__Records for processing__
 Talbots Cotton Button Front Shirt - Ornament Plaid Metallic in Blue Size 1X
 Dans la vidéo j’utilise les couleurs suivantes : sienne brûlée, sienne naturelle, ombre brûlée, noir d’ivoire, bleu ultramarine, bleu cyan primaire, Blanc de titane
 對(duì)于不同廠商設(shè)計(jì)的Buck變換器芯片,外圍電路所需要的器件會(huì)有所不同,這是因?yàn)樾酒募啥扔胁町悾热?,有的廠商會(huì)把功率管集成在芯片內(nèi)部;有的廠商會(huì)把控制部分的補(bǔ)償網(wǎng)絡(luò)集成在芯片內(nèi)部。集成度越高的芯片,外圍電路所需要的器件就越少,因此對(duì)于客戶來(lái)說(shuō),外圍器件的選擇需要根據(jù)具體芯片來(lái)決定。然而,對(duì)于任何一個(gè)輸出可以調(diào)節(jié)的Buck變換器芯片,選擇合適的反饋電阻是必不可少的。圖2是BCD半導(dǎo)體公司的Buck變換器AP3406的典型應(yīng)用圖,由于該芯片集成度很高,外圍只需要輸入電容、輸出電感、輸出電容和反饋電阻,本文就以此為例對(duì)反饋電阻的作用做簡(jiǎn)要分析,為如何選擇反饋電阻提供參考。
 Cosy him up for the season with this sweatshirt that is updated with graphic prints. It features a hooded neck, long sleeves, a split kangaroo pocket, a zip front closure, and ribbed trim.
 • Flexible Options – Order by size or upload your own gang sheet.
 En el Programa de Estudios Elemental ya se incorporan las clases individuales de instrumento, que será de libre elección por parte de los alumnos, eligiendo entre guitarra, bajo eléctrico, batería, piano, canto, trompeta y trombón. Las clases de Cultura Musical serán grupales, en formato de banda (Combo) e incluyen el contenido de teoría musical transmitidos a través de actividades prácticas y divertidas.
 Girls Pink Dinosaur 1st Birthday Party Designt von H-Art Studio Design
---
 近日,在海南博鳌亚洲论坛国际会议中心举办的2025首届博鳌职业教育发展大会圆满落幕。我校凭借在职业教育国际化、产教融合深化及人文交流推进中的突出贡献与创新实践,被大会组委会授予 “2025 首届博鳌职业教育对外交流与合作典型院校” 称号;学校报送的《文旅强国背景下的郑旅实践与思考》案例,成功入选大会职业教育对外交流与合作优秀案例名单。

__Exercise directions__
Looking at the entries above, can you reproduce exactly the lines from the one that holds "Cosy him up" through the one that holds "own gang sheet.", and only those?

__Task result__
 Cosy him up for the season with this sweatshirt that is updated with graphic prints. It features a hooded neck, long sleeves, a split kangaroo pocket, a zip front closure, and ribbed trim.
 • Flexible Options – Order by size or upload your own gang sheet.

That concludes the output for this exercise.